Gov. Steve Bullock favors removal of the tailings, as do Butte-Silver Bow County Executive Matt Vincent and State Sen. Jon Sesso, who serves as the county’s planning director and Superfund coordinator.

Atlantic Richfield Company, which became a responsible party for Butte mining damage after it purchased The Anaconda Copper Company in 1977, says it’s already paid the state $74 million to settle lawsuits, including money for removing the tailings.

The State Natural Resources Damage Council has formulated a preliminary plan to remove the tailings for an estimated $30 million, but says ARCO must come up with another $10 million.

In the meantime, EPA, the state, Butte-Silver Bow and ARCO are enmeshed in negotiations. Like opponents maneuvering on a giant chessboard of mine waste and money, they are approaching an endgame – a final consent decree that would determine what get s cleaned up, who does it and who pays for it. The negotiations, private by federal court order, have left the biggest stakeholders – the people of Butte – on the outside wondering what will happen next.
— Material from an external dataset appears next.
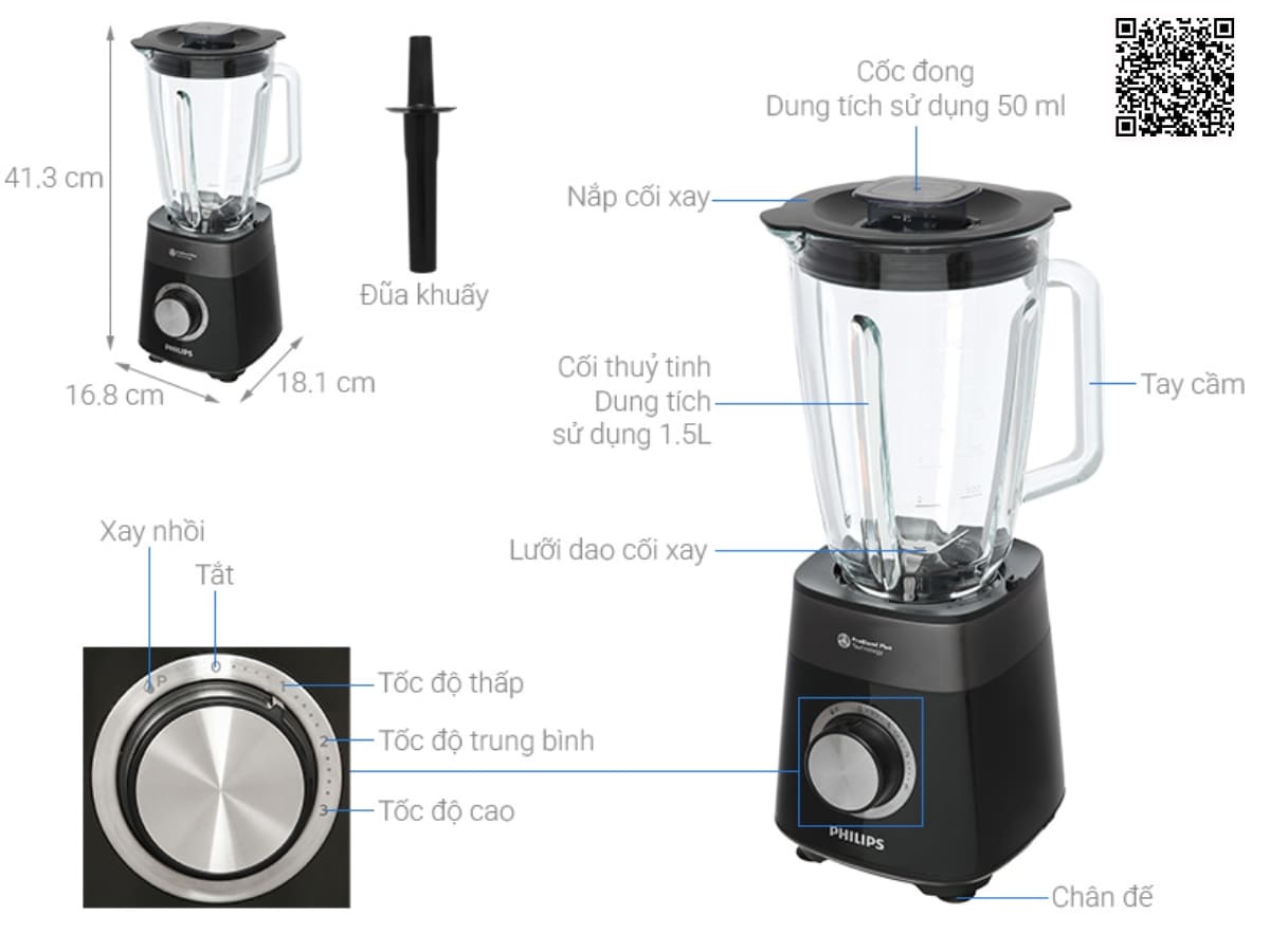 Máy xay sinh tố Philips HR3030/00 trang bị cối xay dung tích lớn 1.5 lít, chất liệu thủy tinh cao cấp, an toàn. Công suất 1200W mạnh mẽ kết hợp với lưỡi dao 4 cánh thép không gỉ sắc bén giúp xay nhanh và khoẻ các nguyên liệu. Bạn có thể thoải mái xay sinh tố, xay rau củ, xay đá… Có 3 tốc độ xay và 1 chế độ nhồi, điều khiển bằng núm vặn đơn giản, dễ dàng sử dụng.

EPA and Montana Department of Environmental Quality have been locked in a dispute over the Parrot tailings for years – since at least 2004, says Griffin, who was formerly MDEQ’s manager for the Butte hill.

Now, EPA says a drain system in place is adequate, and Silver Bow Creek, under normal conditions, meets standards for aquatic life. But several scientists for the state say that EPA is overlooking scientific fact, and the system won’t be adequate “in perpetuity,” which is how long EPA says the groundwater must be monitored, pumped and treated.

The EPA says the plume of pollutants is not moving, even though it acknowledges the groundwater is moving faster than it originally gauged. Griffin says the EPA is “irresponsible” to suggest the plume is not moving, adding there is no evidence to support that claim. A state Bureau of Mining and Geology study in 2012 concluded that in 30 years, the plume has traveled approximately 80 percent of the way to the Blacktail Creek, a tributary of Silver Bow Creek.

By drinking-water standards, a 2010 Bureau study showed that the Parrot plume contamination was off the charts. Arsenic was more than 10 times the drinking water standard at the center of the plume. Cadmium was 800 times the drinking water standard. Copper was more than 7,500 times the drinking water standard. Lead was six times the drinking water standard, and zinc was nearly 100 times the drinking water standard.

Community advocates are adding their voices to those of state and local politicians in urging a cleanup.

“It’s the future of our community,” Project Green board president Northey Trethway told the Standard. “We have to do something. We don’t have forever to make things right.”